- Exercise instructions: Your output should be the lines from the one with "Nev-R-Adjust brakes, bronze" through the last line of the records below, exactly as written, minus the pictures.

Records from a data source:
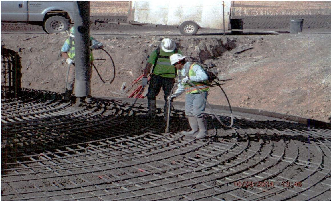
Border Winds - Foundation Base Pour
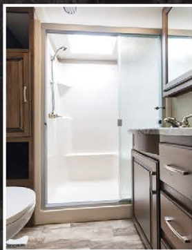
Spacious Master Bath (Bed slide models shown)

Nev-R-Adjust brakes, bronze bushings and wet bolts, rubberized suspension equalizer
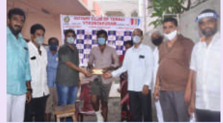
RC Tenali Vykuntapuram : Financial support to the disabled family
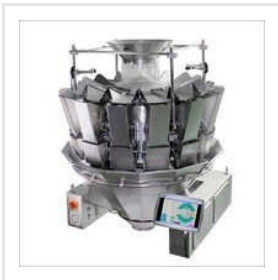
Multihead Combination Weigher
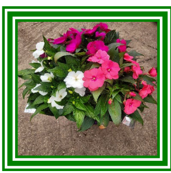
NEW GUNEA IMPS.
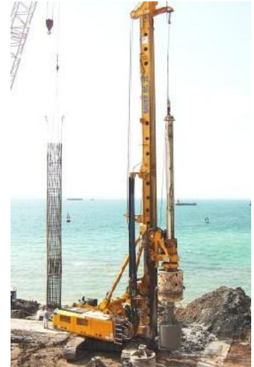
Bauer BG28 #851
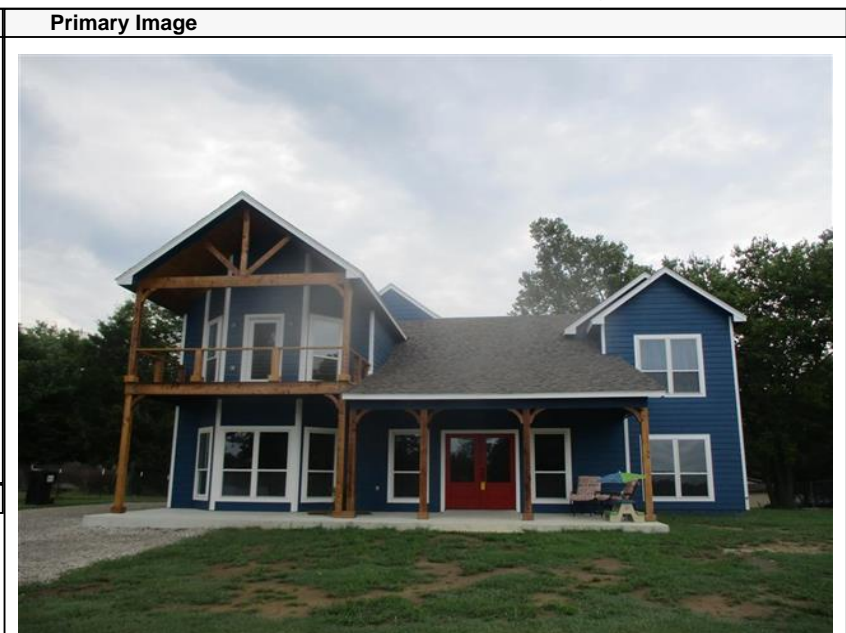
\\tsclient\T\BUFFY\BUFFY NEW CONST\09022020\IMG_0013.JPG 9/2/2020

- Result of the exercise:
Nev-R-Adjust brakes, bronze bushings and wet bolts, rubberized suspension equalizer
RC Tenali Vykuntapuram : Financial support to the disabled family
Multihead Combination Weigher
NEW GUNEA IMPS.
Bauer BG28 #851
\\tsclient\T\BUFFY\BUFFY NEW CONST\09022020\IMG_0013.JPG 9/2/2020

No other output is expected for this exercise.